## Required work
For the entries below, the expected answer is the line with "设计师笔下的新世界·城市艺术中心发展示意图", the line with "Photo 1 : Branche", and every line between them, exactly as written, and nothing more.

## Records to process
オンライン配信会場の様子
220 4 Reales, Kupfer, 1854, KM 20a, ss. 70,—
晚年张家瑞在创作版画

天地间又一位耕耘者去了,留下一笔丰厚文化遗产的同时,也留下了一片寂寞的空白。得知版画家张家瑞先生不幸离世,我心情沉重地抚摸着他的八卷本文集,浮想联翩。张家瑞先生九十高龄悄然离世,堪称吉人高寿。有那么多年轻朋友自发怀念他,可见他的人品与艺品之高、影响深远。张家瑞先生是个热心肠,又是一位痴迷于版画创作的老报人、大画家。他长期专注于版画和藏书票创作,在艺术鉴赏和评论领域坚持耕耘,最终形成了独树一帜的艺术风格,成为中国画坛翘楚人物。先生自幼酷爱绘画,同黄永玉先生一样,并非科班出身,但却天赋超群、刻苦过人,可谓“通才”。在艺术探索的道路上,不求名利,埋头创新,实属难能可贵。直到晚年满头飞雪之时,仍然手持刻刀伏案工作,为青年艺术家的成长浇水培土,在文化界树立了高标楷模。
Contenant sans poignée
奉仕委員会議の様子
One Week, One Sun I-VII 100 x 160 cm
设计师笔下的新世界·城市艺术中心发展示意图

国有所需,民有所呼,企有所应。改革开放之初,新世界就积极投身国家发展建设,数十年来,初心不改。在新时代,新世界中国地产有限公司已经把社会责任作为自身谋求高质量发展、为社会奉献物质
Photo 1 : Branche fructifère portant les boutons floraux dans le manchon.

---

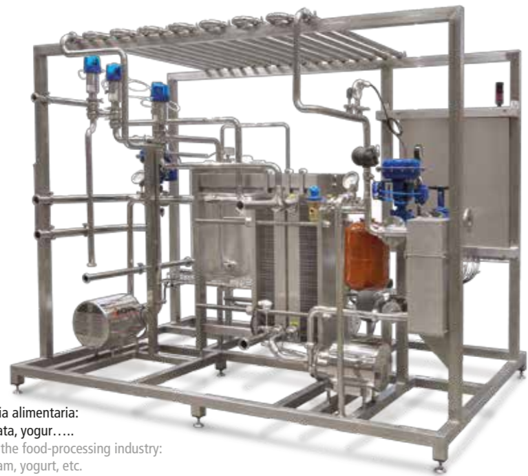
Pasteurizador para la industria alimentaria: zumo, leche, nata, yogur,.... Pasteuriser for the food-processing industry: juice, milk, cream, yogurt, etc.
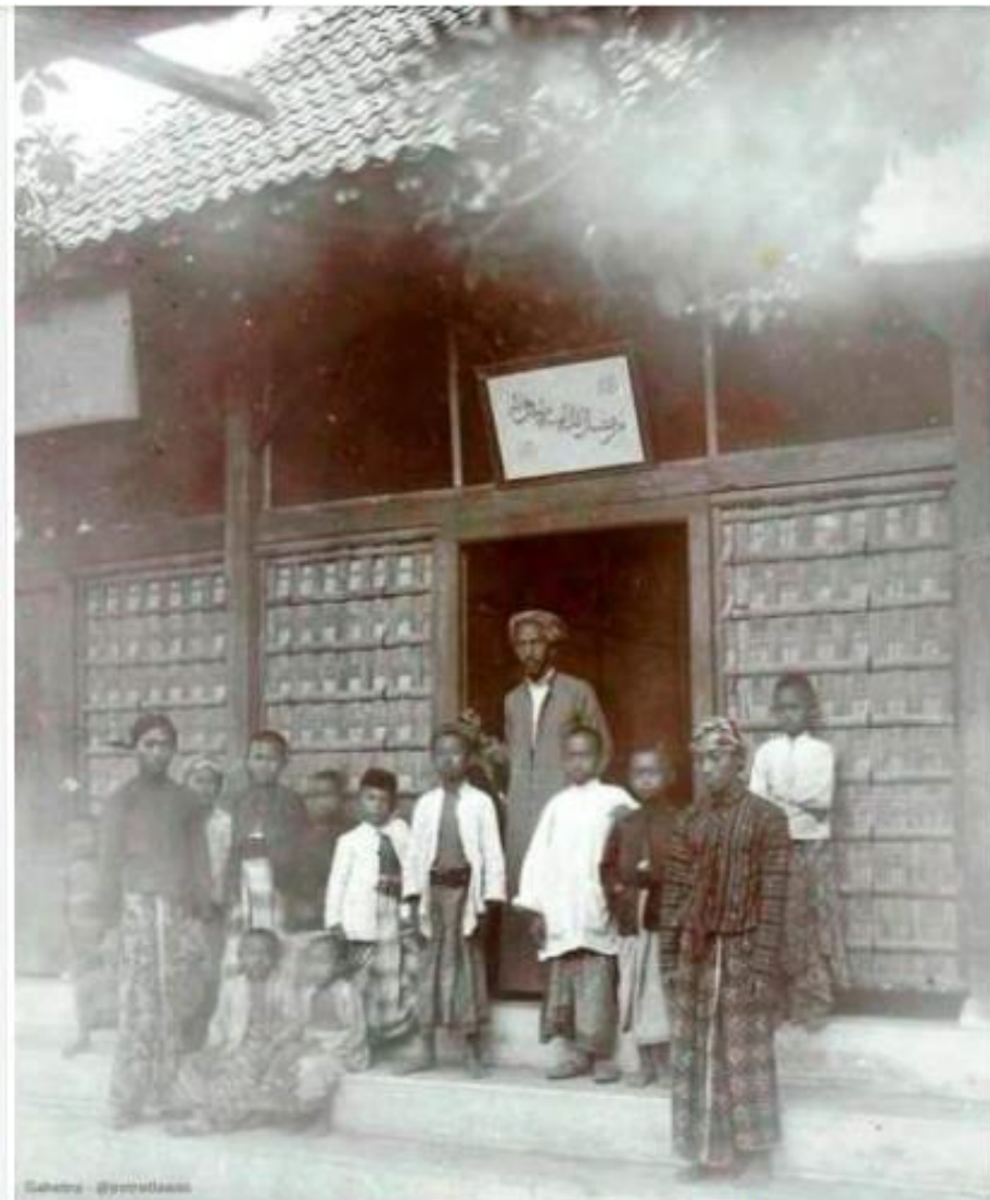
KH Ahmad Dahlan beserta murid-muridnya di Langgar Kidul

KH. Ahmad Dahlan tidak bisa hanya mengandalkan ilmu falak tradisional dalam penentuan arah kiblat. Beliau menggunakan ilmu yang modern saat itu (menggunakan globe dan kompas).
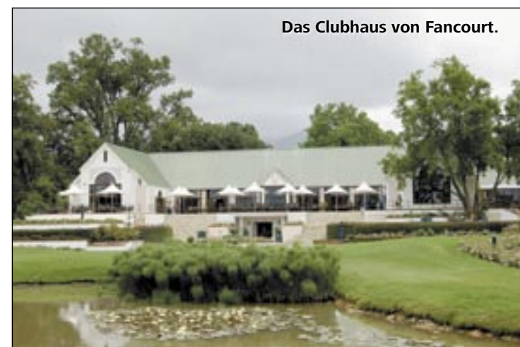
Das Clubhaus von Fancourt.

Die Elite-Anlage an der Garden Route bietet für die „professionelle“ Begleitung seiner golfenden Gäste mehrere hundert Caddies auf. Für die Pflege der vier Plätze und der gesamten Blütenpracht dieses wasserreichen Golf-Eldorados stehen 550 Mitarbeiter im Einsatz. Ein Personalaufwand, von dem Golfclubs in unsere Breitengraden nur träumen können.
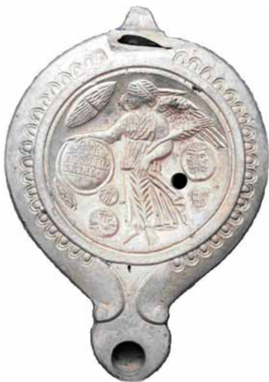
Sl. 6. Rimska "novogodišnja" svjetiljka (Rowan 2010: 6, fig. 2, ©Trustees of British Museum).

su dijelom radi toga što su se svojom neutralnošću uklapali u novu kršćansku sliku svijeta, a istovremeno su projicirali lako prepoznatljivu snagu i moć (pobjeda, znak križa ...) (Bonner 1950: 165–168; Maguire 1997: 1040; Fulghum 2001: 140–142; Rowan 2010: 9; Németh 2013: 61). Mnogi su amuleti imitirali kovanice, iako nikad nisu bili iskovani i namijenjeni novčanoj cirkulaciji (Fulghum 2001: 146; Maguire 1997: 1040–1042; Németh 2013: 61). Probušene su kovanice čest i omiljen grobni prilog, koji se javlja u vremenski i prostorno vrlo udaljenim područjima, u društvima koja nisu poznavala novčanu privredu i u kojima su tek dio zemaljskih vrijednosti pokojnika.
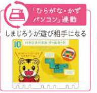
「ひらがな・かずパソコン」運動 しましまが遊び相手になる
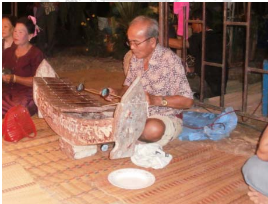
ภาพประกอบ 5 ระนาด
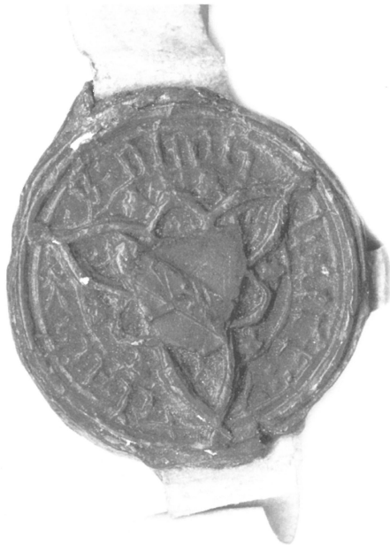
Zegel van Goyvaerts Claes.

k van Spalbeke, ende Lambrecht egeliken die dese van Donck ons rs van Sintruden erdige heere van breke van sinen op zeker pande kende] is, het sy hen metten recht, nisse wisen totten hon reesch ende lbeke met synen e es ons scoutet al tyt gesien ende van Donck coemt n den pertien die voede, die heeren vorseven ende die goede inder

---

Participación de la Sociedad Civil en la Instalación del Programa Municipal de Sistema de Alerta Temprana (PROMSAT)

## Problem solution
设计师笔下的新世界·城市艺术中心发展示意图

国有所需,民有所呼,企有所应。改革开放之初,新世界就积极投身国家发展建设,数十年来,初心不改。在新时代,新世界中国地产有限公司已经把社会责任作为自身谋求高质量发展、为社会奉献物质
Photo 1 : Branche fructifère portant les boutons floraux dans le manchon.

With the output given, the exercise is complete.